The question sat in the air. Doflamingo was still for longer than Finn expected.

Then he shook his head. "No."

"No?"

"On Minion Island." His voice was even. "We pointed guns at each other. I fired. I believed he was dead. There's a version of that where you can come back from it and another version where you can't, and that one is the second kind." He looked at the water. "He has his life and his quiet and the kid he saved. I have mine. We don't need the same story to end with us in the same room." He turned up one corner of his mouth slightly. "And frankly, having a brother who was a Marine spy was embarrassing enough when it was a secret. I don't need to go make it a reunion."

Finn didn't push it. It wasn't his place. He'd passed the information on; what Doflamingo did with it was his own business.

They stood at the rail together for a while after that, not talking. The New World spread out ahead of them. Behind them, Mary Geoise was already gone below the horizon.

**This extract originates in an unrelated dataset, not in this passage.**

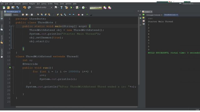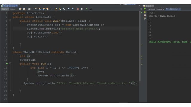 এখানে ১, ২, ৩…. প্রিন্ট করার কারণ হচ্ছে প্রথমে মেইন থ্রেডটি ThredWithExtend এর একটি অবজেক্ট তৈরি করল। অবজেক্ট তৈরি করার পর ThredWithExtend ক্লাসের ট্রেডটিকে ডিমন ট্রেড করে দিল। তারপর run মেথডকে কল দেয়া হল। রান মেথডকে যখন কল দিল তখনও মেইন থ্রেডের নির্বাহ শেষ হয়নি। শেষ হতে হতে run মেথডের ভিতরে ঢুকে প্রিন্ট করা শুরু করল। যখনই Main থ্রেডের কাজ বন্ধ হয়ে গেল সাথে সাথে অন্য থ্রেডটিও বন্ধ হয়ে গেল। মেইন থ্রেড বন্ধ হতে হতে যতক্ষত সময় পেল লুপ ততক্ষন চলল এবং প্রিন্ট করল। এই একই প্রোগ্রাম আবার রান করলে একই মান আসবে না। কারণ এটি পিসির কনফিগারেশন এর উপর বা অন্যান্য অনেক বিষয়ের উপর নির্ভর করে। নিচে একই প্রোগ্রামের আরেকটি করা ছবি দেয়া হল:
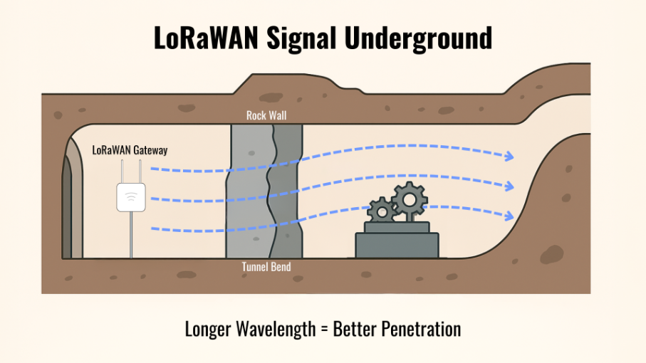 LoRaWAN is one of the strongest options for underground environments because it uses Sub-GHz frequencies with longer wavelength. These signals travel farther through rock, bends and long tunnels, and are less prone to signal loss in irregular environments. It supports safety alerts, worker presence, environmental monitoring and BLE-based zone tracking, offering wide coverage with low maintenance and efficient power use.

Eventually, Doflamingo said, "I've been thinking."

"About?"

"Dressrosa." He was looking at the sea, not at Finn. "I've been away from it for two months. It's a real kingdom now — a legitimate one, mine, built from nothing. There are people there who depend on it running properly." He paused. "The final curtain call of this era can be watched from anywhere. I don't need to follow you to the New World to see it end." He straightened up. "I'm going home."

Finn looked at him sideways. "Just like that."

"Just like that." Doflamingo smiled. "What, are you going to try to keep me?"

"How could I?" Finn said. "I'm an Admiral of the Marine and a representative of justice. I don't keep company with villains."

"And yet." Doflamingo spread his hands.

"And yet," Finn agreed, and laughed.

Doflamingo raised his hand. A white line shot upward from his fingers, catching a distant cloud formation, and he gathered himself to launch off the rail.

"Wait," Finn said.

He reached into his coat and came out with a small vial — glass, stoppered, containing something that caught the light like water but held it differently. He held it out.

Doflamingo took it. He turned it in his fingers, and his eyes went to Finn's face for a moment with something that might have been a question. Then his gaze dropped back to the vial, and understanding moved through his expression.

He had seen Tsuru recently. Sengoku. He had noticed, without entirely processing it, that neither of them looked quite their age anymore.

"I see," Doflamingo said. He turned the vial over once more, then closed his fist around it. "Don't expect me to say thank you."

"Get out of here," Finn said.

Doflamingo grinned. He kicked off the rail and the white string carried him upward, the pink coat catching the wind as he rose — loose and bright against the gray-blue sky, exactly the kind of silhouette that was impossible to take seriously and impossible to look away from. He rose until he was small against the clouds, and then he paused.

He looked back down at the ship. At Finn, who was still watching.

"Thank you, Finn," he called.

Then he was gone, the pink coat vanishing into the weather of the New World.

Finn stood at the rail a moment longer. "Didn't I tell you not to say that?" he said, to no one in particular. A smile settled on his face and stayed there.

He turned away from the rail. Behind him the sea stretched on, the sky ahead bright with the particular quality of light that meant distance still to cover.

"Speed up!" he called to the deck. "Target: G-1!"

Every gathering has an end. Doflamingo had found his, and he was walking toward it. That was enough.